## Exercise directions:
Each line from the one with "12v 20 Amp Waterproof" through the end of the records below should be transcribed exactly, and each picture should be skipped.

Data entries
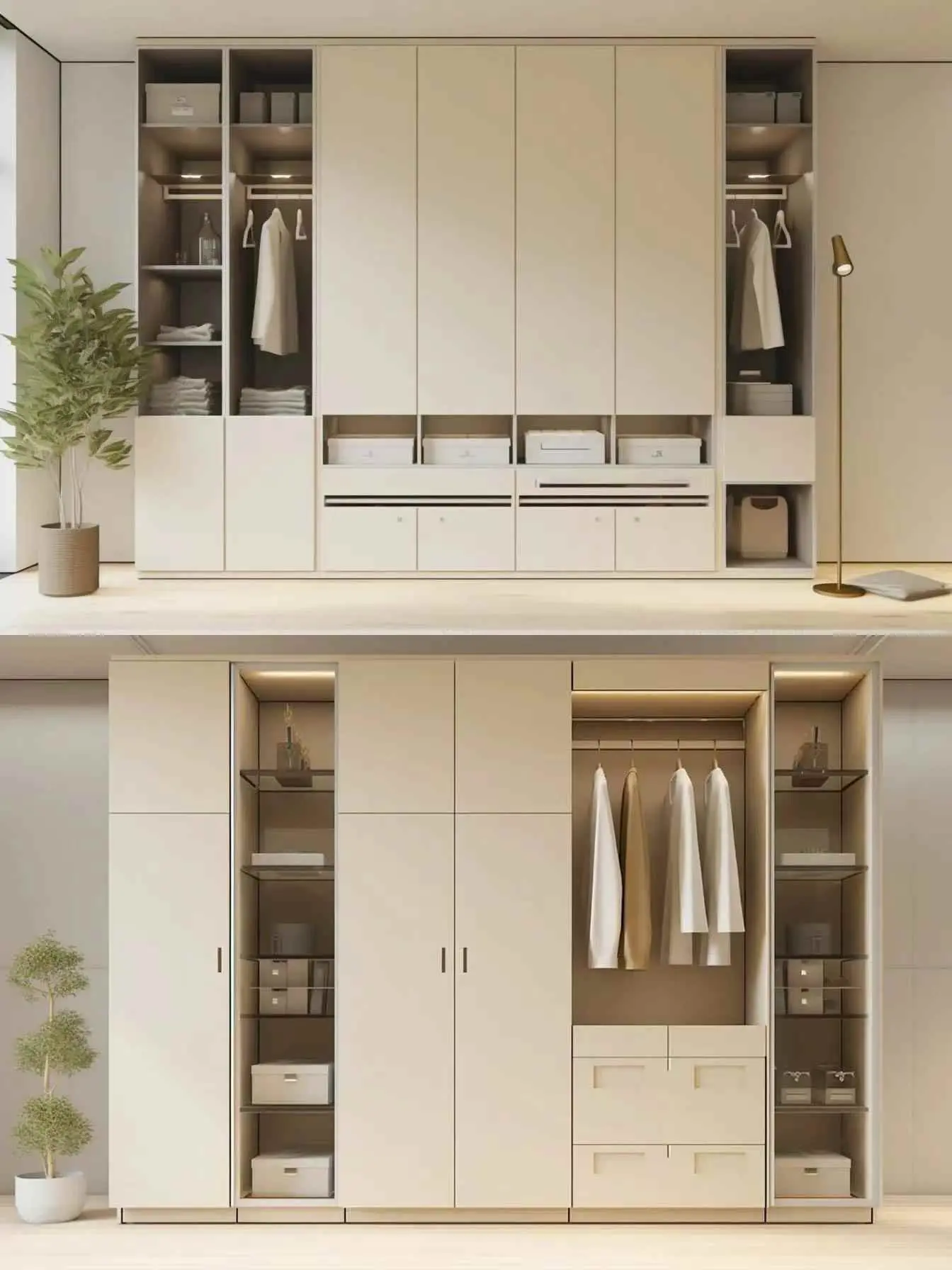 衣柜的布局结构应根据个人需求和风格偏好来进行不同的选择。以下是一些常见的实用衣柜布局结构:
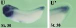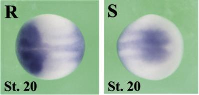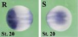 clk3 (CDC like kinase 3) gene expression In a Xenopus laevis embryo, NF stage 20, assayed via in bsitu hybridization, dorsal (R) and posterior-dorsal (S) view, anterior left. |
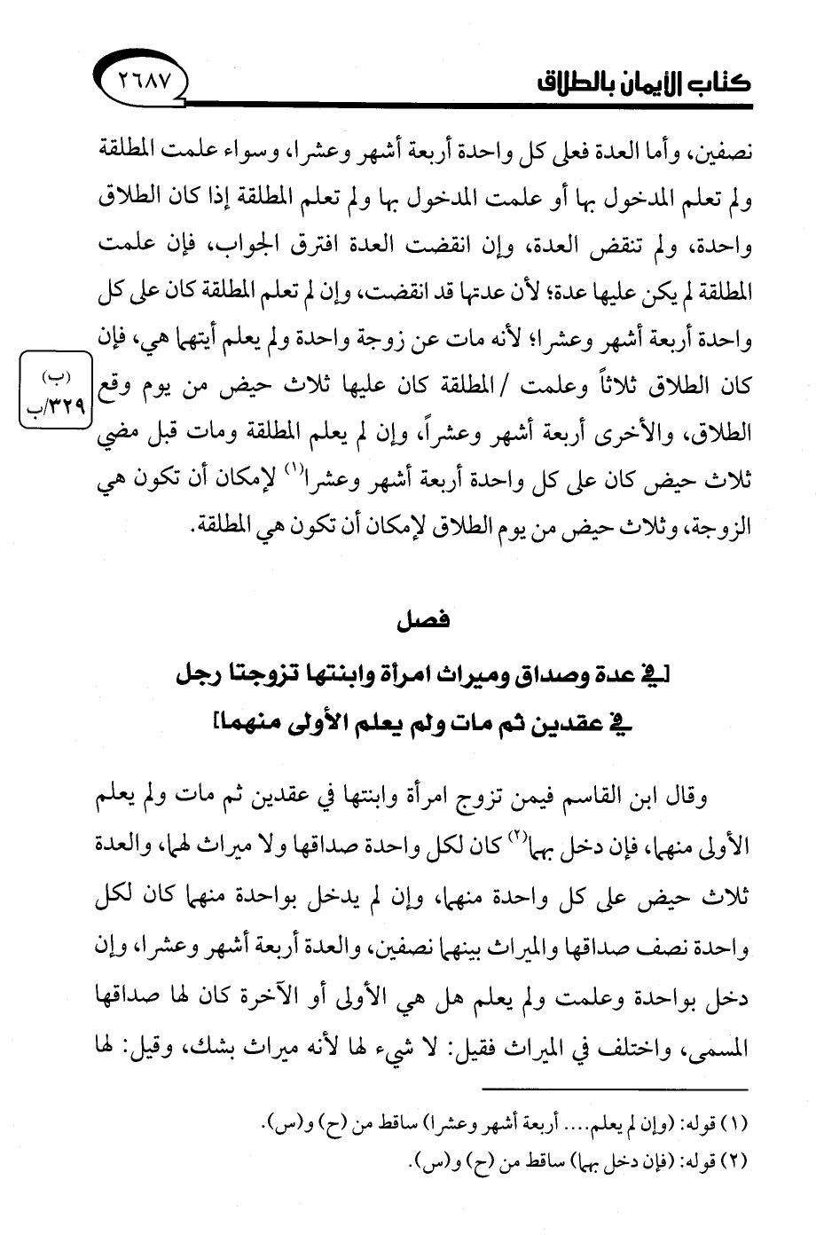 نصفين، وأما العدة فعلى كل واحدة أربعة أشهر وعشرا، وسواء علمت المطلقة ولم تعلم المدخول بها أو علمت المدخول بها ولم تعلم المطلقة إذا كان الطلاق واحدة، ولم تنقض العدة، وإن انقضت العدة افترق الجواب، فإن علمت المطلقة لم يكن عليها عدة؛ لأن عدتها قد انقضت، وإن لم تعلم المطلقة كان على كل واحدة أربعة أشهر وعشرا؛ لأنه مات عن زوجة واحدة ولم يعلم أيتهما هي، فإن كان الطلاق ثلاثًا وعلمت المطلقة كان عليها ثلاث حيض من يوم وقع الطلاق، والأخرى أربعة أشهر وعشرًا، وإن لم يعلم المطلقة ومات قبل مضي ثلاث حيض كان على كل واحدة أربعة أشهر وعشرا (¬1) لإمكان أن تكون هي الزوجة، وثلاث حيض من يوم الطلاق لإمكان أن تكون هي المطلقة.
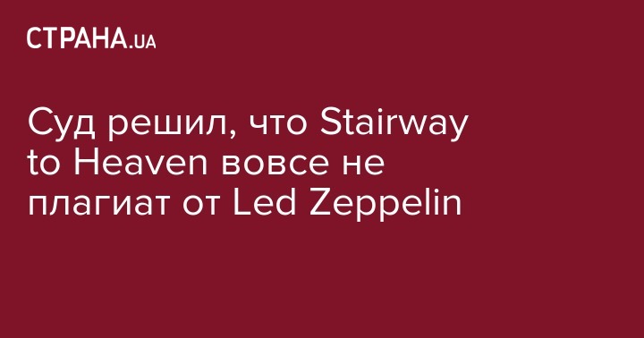 Суд в калифорнийском Лос-Анджелесе вынес вердикт о рок-балладе Stairway to Heaven. Присяжные постановили, что музыкальное вступление к знаменитой композиции музыкантов Led Zeppelin является авторской работой коллектива, т.е. не считается плагиатом.
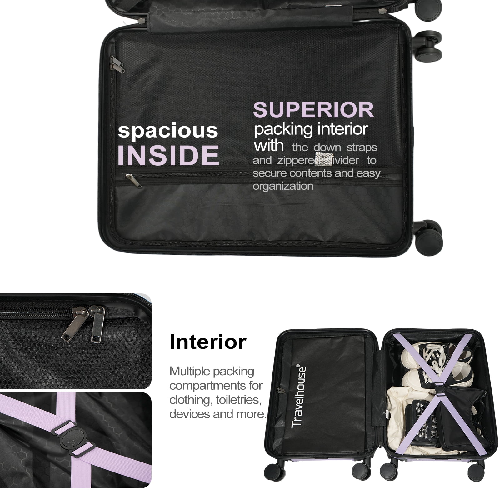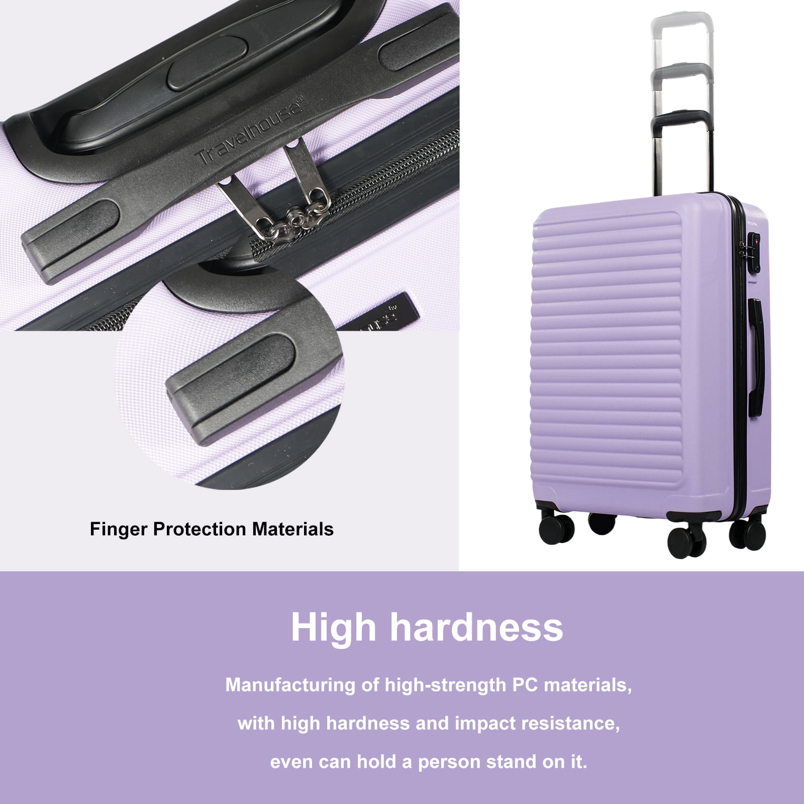 Travelhouse is not just in the business of making luggage, we are in the business of building confidence. Transport your travel essentials effortlessly and stylishly. This extremely lightweight and durable spinner features ABS ,a privacy curtain with its own zippered organizational pockets. Secure Lock approved TSA combination lock for security and peace of mind. Extra Details: 100% ABS material, lightweight, hard side and durable 3-Step Telescoping Handle; 4 Quiet Spinner Wheels; TSA Combination Lock; Top and Side Handles; Organized Interior; Mesh Zip Pocket; Tie-down Straps Luggage Size (Include Wheels) : 20 inch: 15 x 8.7 x 22″ / 38.1 x 22.1 x 55.88 cm 24 inch: 17.5 x 10 x 26″ / 44.5x 25.4 x 66 cm 28 inch: 20 x 11.6 x 30″ / 50.8 x 29 x 76.2 cm Luggage Weight: 20 inch: 5.6 lbs / 2.54 kg 24 inch: 7.1 lbs/ 3.22 kg 28 inch: 8.6 lbs/3.9 kg Luggage Capacity: 20 inch: 38 L 24 inch: 63 L 28 inch: 93 L How to reset a combination lock 1. Lockout is factory set to 0-0-0. 2. Find a small round button near the main slider, press the button with a pen or a pointed object, turn the digital dial, and set a new password. (remember the new password you set) 3. Press the unlock key, the small round button, after reset, your code is now set successfully. 4. Scramble the dials and test your new code to make sure the correct code is set.
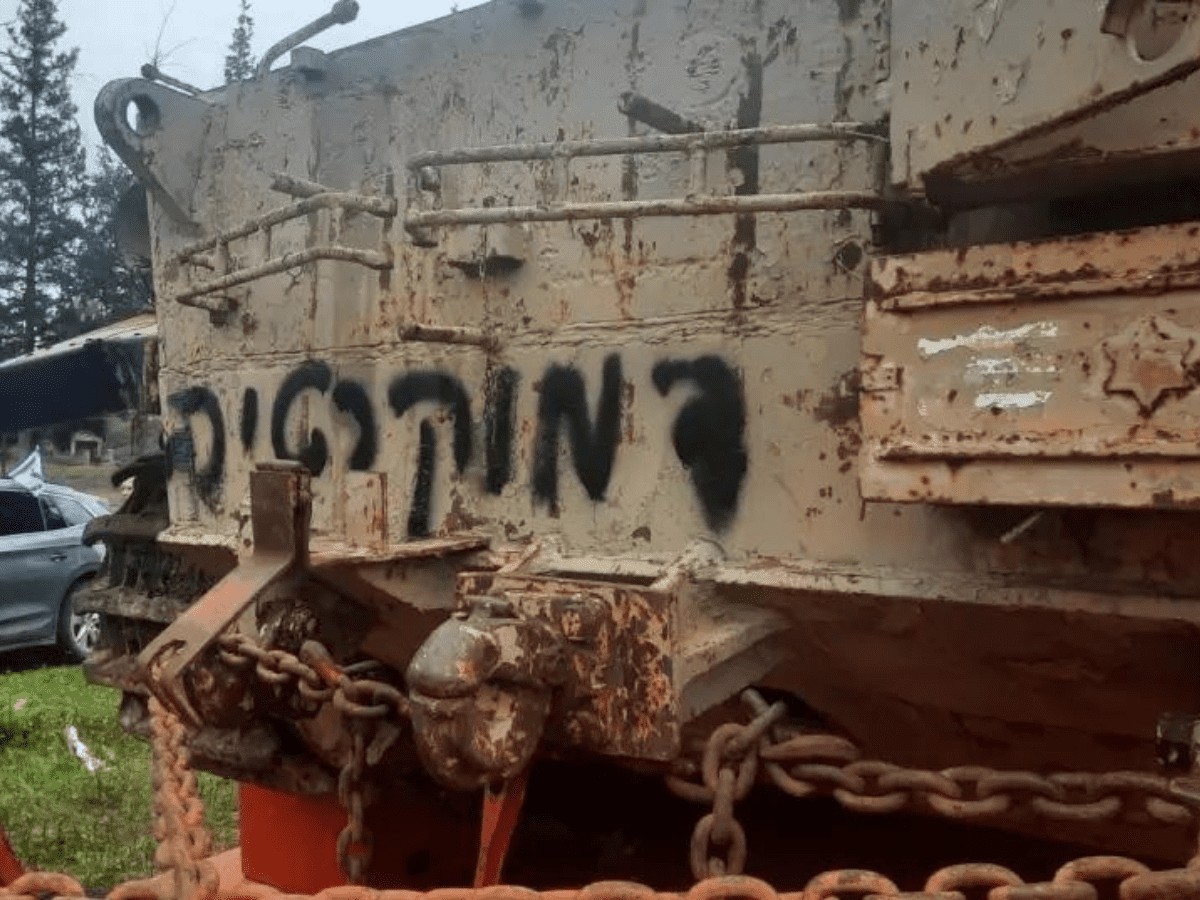 The tank that was stolen for a protest against the government and a copy of the Declaration of Independence on it, said a report from The Jerusalem Post (credit: ISRAEL POLICE SPOKESPERSON’S UNIT) on February 16.
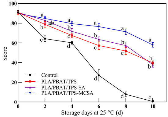 Sensory evaluation of bananas refers to the comprehensive assessment of fruit based on human sensory organs, including olfaction, tactile sensations, and visual perceptions, making it a direct indicator of their commercial value [46]. As depicted in Figure 8, the overall storage quality of bananas gradually declines over the storage period, accompanied by a decrease in sensory scores. Among the groups, the control bananas exhibit the fastest rate of sensory score decline, becoming commercially valueless by the fourth day of storage and inedible by the sixth day. Bananas from the PLA/PBAT/TPS and PLA/PBAT/TPS-SA films maintained their edibility until the tenth day, whereas those from the PLA/PBAT/TPS-MCSA film retained favorable sensory scores even towards the end of storage, preserving both commercial and edible value. The positive and proactive impact of the PLA/PBAT/TPS-MCSA film on banana preservation is evident. It significantly extends the storage period of bananas, thereby reducing commercial losses caused by spoilage. The results indicate that the PLA/PBAT/TPS-MCSA film can effectively prolong the shelf life of bananas by 4–5 days.
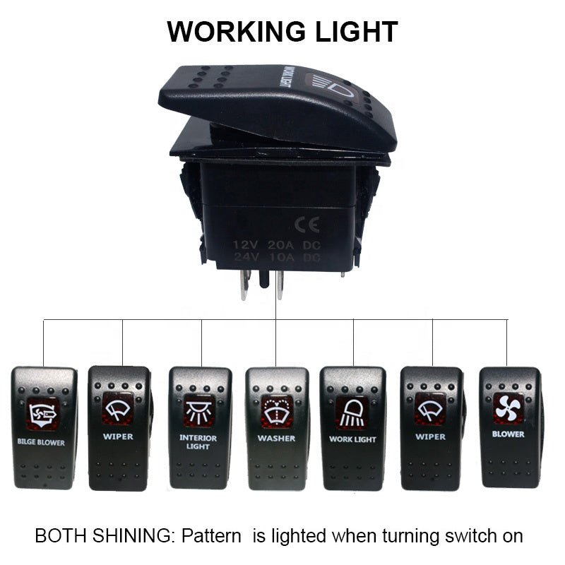 12v 20 Amp Waterproof Red LED On/off Boat Marine SPST
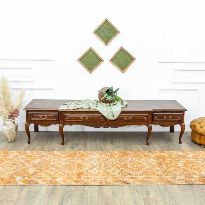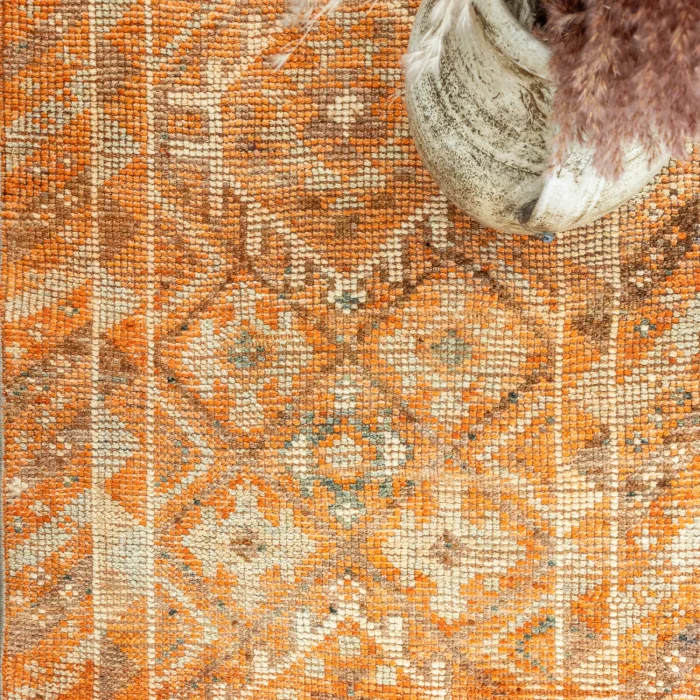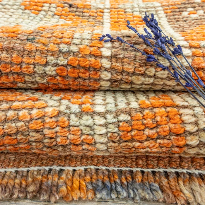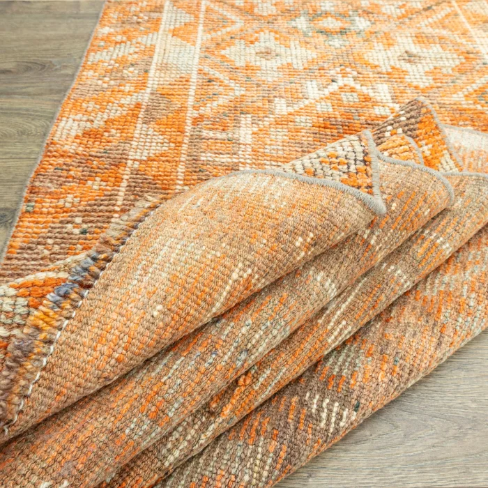 Embark on a nostalgic journey with Soho Antiq and discover the fascinating world of traditional runner carpet models! This special runner carpet model, each of which is skillfully hand-woven, reflects the unique texture of natural wool. While orange, chosen as the main color, emphasizes the eye-catching appeal of the design, it offers a harmonic integrity with the brown, green and other colors it contains. The origin of the design of this runner model is based on the rich traditional touches of Eastern Anatolia. In addition, it reflects the unforgettable style of the 1980s, offering a special nostalgic atmosphere.
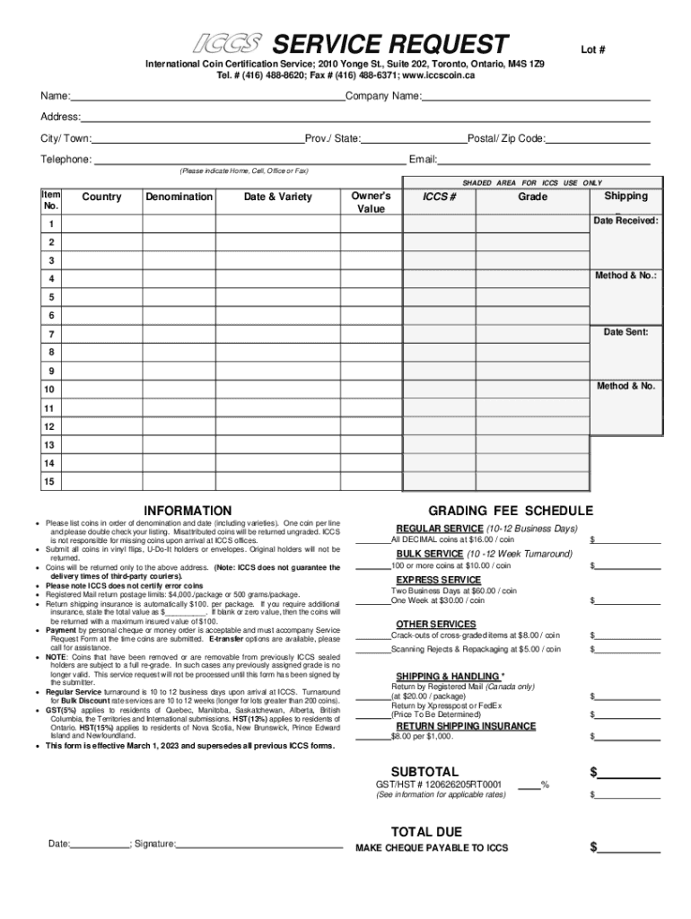 SERVICE REQUESTLot #International Coin Certification Service; 2010 Yonge St., Suite 202, Toronto, Ontario, M4S 1Z9 Tel. # (416) 4888620; Fax # (416) 4886371; www.iccscoin.caName:Company Name:Address:
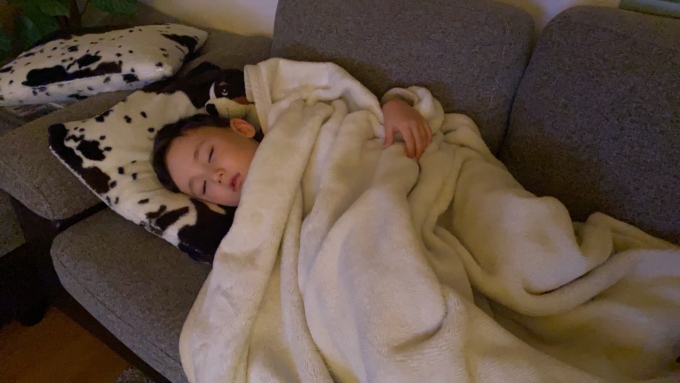 今日のはそこまでひどくなかったからお薬飲ませず寝かしたけど(というか、ソファーで寝落ち)

## Your response:
 12v 20 Amp Waterproof Red LED On/off Boat Marine SPST
 Embark on a nostalgic journey with Soho Antiq and discover the fascinating world of traditional runner carpet models! This special runner carpet model, each of which is skillfully hand-woven, reflects the unique texture of natural wool. While orange, chosen as the main color, emphasizes the eye-catching appeal of the design, it offers a harmonic integrity with the brown, green and other colors it contains. The origin of the design of this runner model is based on the rich traditional touches of Eastern Anatolia. In addition, it reflects the unforgettable style of the 1980s, offering a special nostalgic atmosphere.
 SERVICE REQUESTLot #International Coin Certification Service; 2010 Yonge St., Suite 202, Toronto, Ontario, M4S 1Z9 Tel. # (416) 4888620; Fax # (416) 4886371; www.iccscoin.caName:Company Name:Address:
 今日のはそこまでひどくなかったからお薬飲ませず寝かしたけど(というか、ソファーで寝落ち)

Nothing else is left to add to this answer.